In 1953, he was subpoenaed several times as a suspected communist by the House Unamerican Activities Committee and by US Senator Joseph R. McCarthy, and invoked his Fifth Amendment privilege in refusing to answer questions about his past membership in the Communist Party. In early 1954 he dropped the Fifth Amendment defense in a nationally televised hearing before Senator McCarthy and answered questions about himself but refused to name others. Because of that refusal, he was indicted for contempt of Congress but the case was dropped several years later. [4] Furry was defended by newly appointed Harvard president Nathan M. Pusey, who refused McCarthy's demands to fire him, and also by Nobel laureate in physics and fellow Harvard professor Edward M. Purcell.[5] He co-authored a general physics text of the time with Purcell and J. C. Street.[6]

Prof. Furry, like so many other intellectuals of the depression era, had great interest in the then on-going Russian experiment in attempting to create a "communist" society.
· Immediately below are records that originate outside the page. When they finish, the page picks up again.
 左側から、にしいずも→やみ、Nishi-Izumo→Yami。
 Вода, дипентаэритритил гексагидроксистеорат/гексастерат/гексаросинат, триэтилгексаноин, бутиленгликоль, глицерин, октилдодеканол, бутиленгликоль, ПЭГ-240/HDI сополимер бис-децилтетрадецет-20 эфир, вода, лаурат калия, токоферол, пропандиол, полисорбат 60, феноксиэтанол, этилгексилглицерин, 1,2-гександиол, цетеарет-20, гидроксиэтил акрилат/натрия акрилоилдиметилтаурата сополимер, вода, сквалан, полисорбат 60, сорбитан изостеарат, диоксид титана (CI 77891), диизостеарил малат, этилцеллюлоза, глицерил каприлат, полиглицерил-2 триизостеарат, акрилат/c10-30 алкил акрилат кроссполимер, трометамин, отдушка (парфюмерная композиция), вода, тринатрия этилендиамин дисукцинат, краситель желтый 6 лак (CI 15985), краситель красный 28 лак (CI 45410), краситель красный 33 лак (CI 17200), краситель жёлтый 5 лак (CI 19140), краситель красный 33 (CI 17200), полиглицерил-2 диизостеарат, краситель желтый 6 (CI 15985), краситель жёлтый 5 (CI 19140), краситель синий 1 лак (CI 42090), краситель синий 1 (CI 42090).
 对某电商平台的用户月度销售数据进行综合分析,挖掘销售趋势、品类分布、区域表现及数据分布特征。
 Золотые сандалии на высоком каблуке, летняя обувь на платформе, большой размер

As part of that interest he taught himself Russian and for many years supplemented his income by translation and editing of Russian Physics journals published by the American Institute of Physics. He later played a significant role in the writing of Irving Emin's, "Russian—English Physics Dictionary," John Wiley & Sons, New York, 1963 (with his contribution acknowledged p. vii, "Preface")—a work that is still widely used. A soft-spoken man, but an excellent, well-organized teacher, he is remembered by his former students for his many kindnesses. As part of his wartime work at the MIT Radiation Laboratory he made significant, still useful work on radar propagation that is documented in Chapter 2 (pp. 27–180) in Vol. 13, "Propagation of Short Radio Waves," edited by Donald E. Kerr, as a part of the Massachusetts Institute of Technology Radiation Laboratory Series, McGraw-Hill Book Company, 1951. After the war, Prof. Furry continued teaching at Harvard, later becoming a full professor and serving for three years as chairman of the Physics Department from 1965 to 1968.[7] After several years of half-time partial retirement he accepted full retirement in 1977.[8]

References

  1. Birth and death dates from U.S. Social Security Death Index, as recorded at [1] Access date 2009-10-4.
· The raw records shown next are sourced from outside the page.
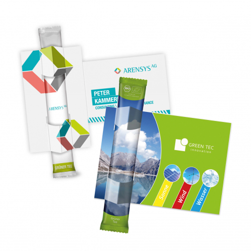 Paličasta vrečke v obliki palčke, napolnjene s čajem, potiskana po vašem designom s kartico (letak, vabilo, vizitka,…)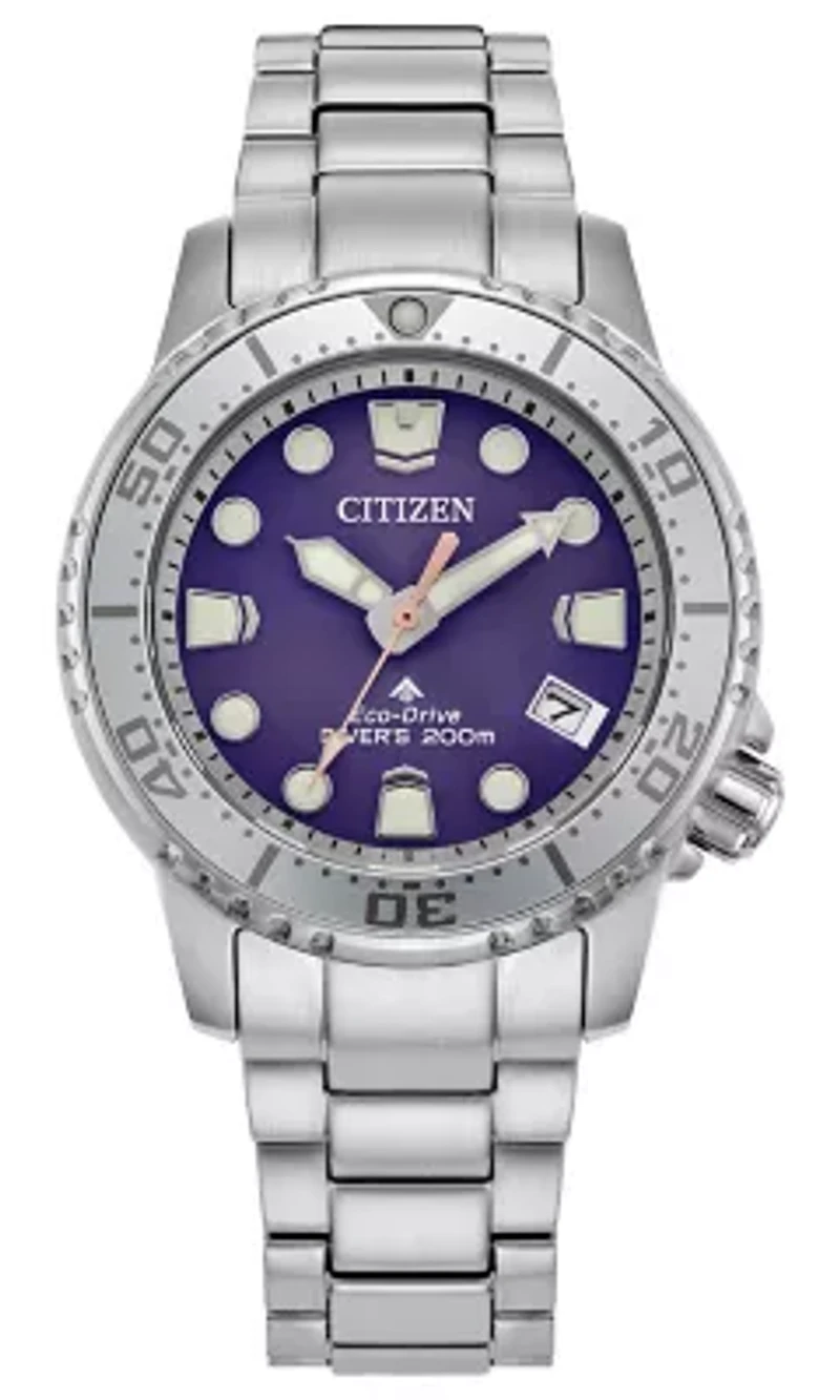 Submerge yourself in the latest Dive watch to join Citizen’s innovative Promaster line. The durable 37mm silver-tone stainless steel exterior comfortably fits wrists of all sizes, featuring an easy-grip uni-directional dive bezel and distinct crown at 4 o’clock. The monochromatic design is secured to the wrist via a case-matching silver-tone stainless steel bracelet. The sunray-textured, purple dial features oversized hands and applied markers that add to its high legibility, while accents of a bright luminous material ensure the quick reading of time even at the deepest depths. At the 4 o’clock position is a thoughtful date window, adding another element of functionality to this built-tough diver. Maintaining the robust standards of the Promaster Collection, the timepiece is ISO compliant and water resistant up to 200 meters. Sustainably powered by any light with Eco-Drive technology that never needs a battery, this stylish dive watch also comes in an exclusive collector’s scuba tank-inspired box. Caliber E168. Foldover clasp Chronograph dial Date display Warranty available, Limited liability warranty, 3 Years Limited liabilty warranty Imported Belk Exclusive Product Specifications 36.5mm Material & Care Metal, Titanium Clean with a damp cloth or soft brush.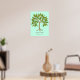 Jolie affiche de mariage ou d'arbre généalogique de couleur verte menthe, avec des graphiques d'un arbre de couleur beige avec des feuilles vertes colorées. Personnalisez le texte marron, en bas, puis laissez vos invités signer l'affiche comme un beau souvenir de mariage. Ou utilisez-la comme affiche d'arbre généalogique, en ajoutant les noms des membres de votre famille.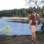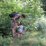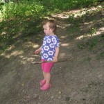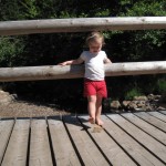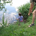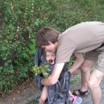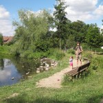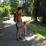 Efter frokost kørte vi igen ned til byen, bare til en anden bydel, hvor der skulle være en Walderlebnispfad/skovoplevelsessti. Heldigvis lå der en lille dam ved starten, for stien var der godt nok ikke noget sjovt i. Måske havde den været sjovere længere henne, men det sjoveste Ellen oplevede var at kaste pinde i vandet og plyndre et hindbærkrat.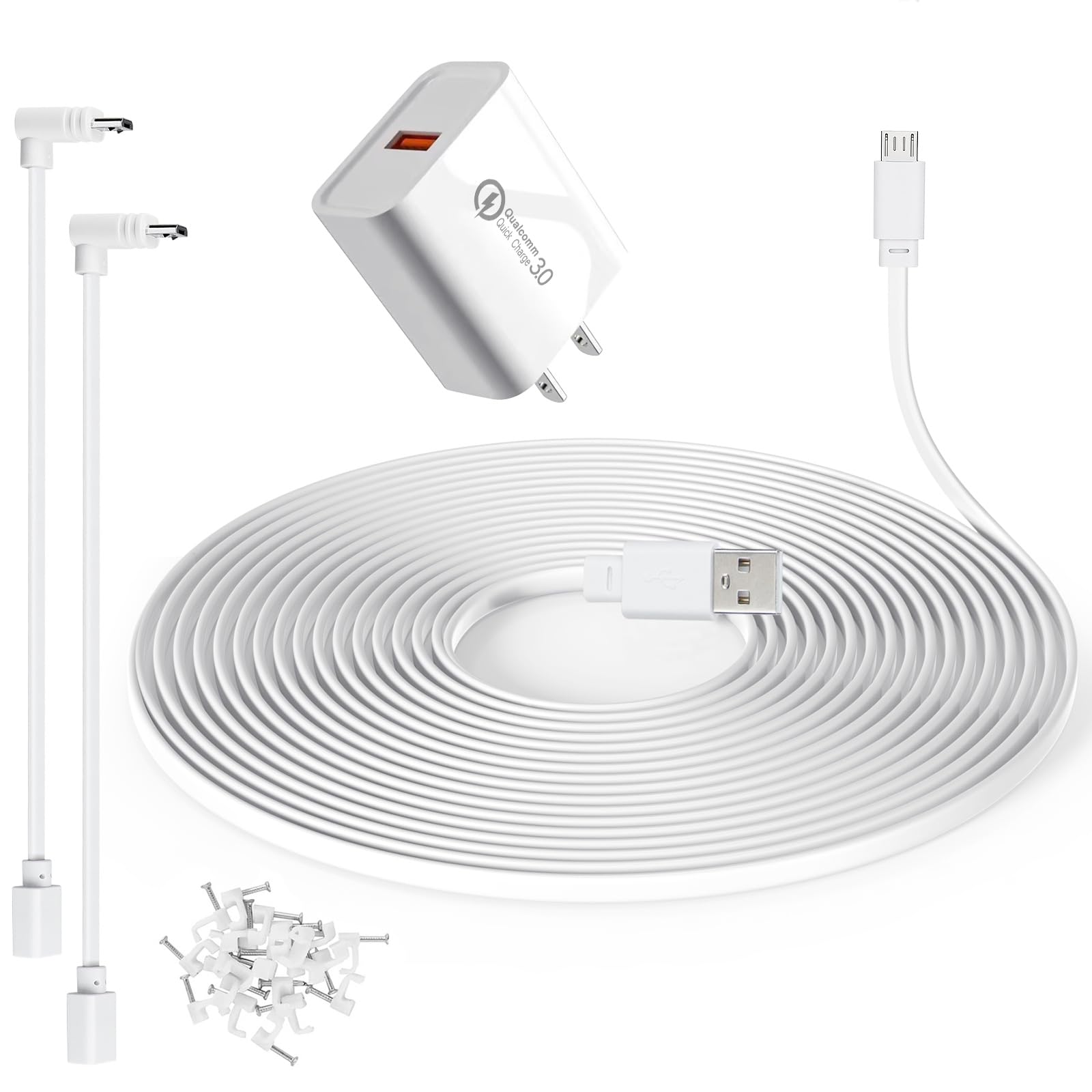 Smays Cable de extensión micro USB de 26 pies de repuesto para cámaras de seguridad (Kasa, Blink Mini, Wyze Cam, Yi, Zmodo) y Ocul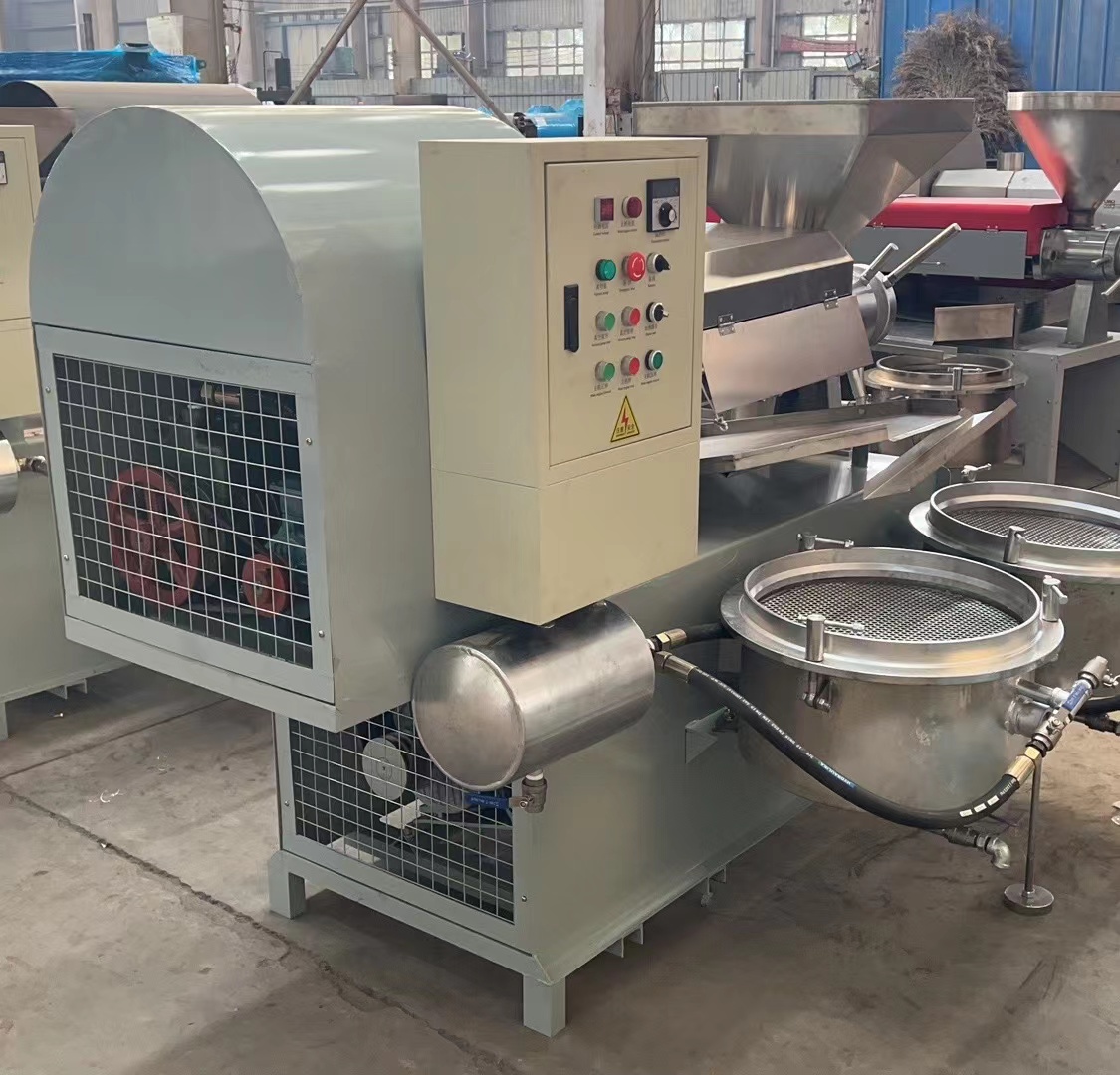 7.新榨油機(jī)安裝后進(jìn)行4—8小時(shí)磨榨,方法是用已榨干油的餅料從料斗中緩緩喂入,反復(fù)回榨,使榨膛磨光,切記開始磨榨不要將料直接倒入料斗內(nèi),而以手抓喂入為宜,以防榨螺軸卡死。如喂料過猛,榨膛內(nèi)出現(xiàn)異常響聲或榨螺軸卡死,應(yīng)立即停車,消除梗阻,或重新裝配好后再啟動(dòng)磨榨,嚴(yán)禁強(qiáng)行拖車。8.正常榨油時(shí),必須保持進(jìn)料均勻,切勿過多過少或斷料空轉(zhuǎn)。此時(shí)機(jī)器負(fù)荷正常,運(yùn)轉(zhuǎn)平穩(wěn),響聲有節(jié)奏。出餅順暢,低壓段基本無渣,高壓段有少量油渣,但渣在油中的比例不大于10%,榨膛內(nèi)溫度可達(dá)150—200℃,出餅口出冒出青煙應(yīng)通過護(hù)罩由抽煙管排出。榨出熱餅要及時(shí)攤開,不要急于打堆或裝運(yùn),否則會(huì)產(chǎn)生自然現(xiàn)象。當(dāng)連續(xù)工作時(shí)間較長(zhǎng),機(jī)溫過高時(shí),應(yīng)采取電扇吹風(fēng)等降溫措施。

  2. Wendell Furry, Array of Contemporary American Physicists
  3. Wendell H. Furry, Excited Electronic States of Li2, Phys. Rev. 39, 1015–1017 (1932)
  4. Lewis. Lionel S. Cold War on Campus: A Study of the Politics of Organizational Control Transaction Publishers (January 1, 1989) pp. 69–75.Google Books
  5. Time  magazine
  6. Physics for Science and Engineering Students,  W. H. Furry, E. M. Purcell, and J. C. Street, 1952, The Blakiston Company, New York.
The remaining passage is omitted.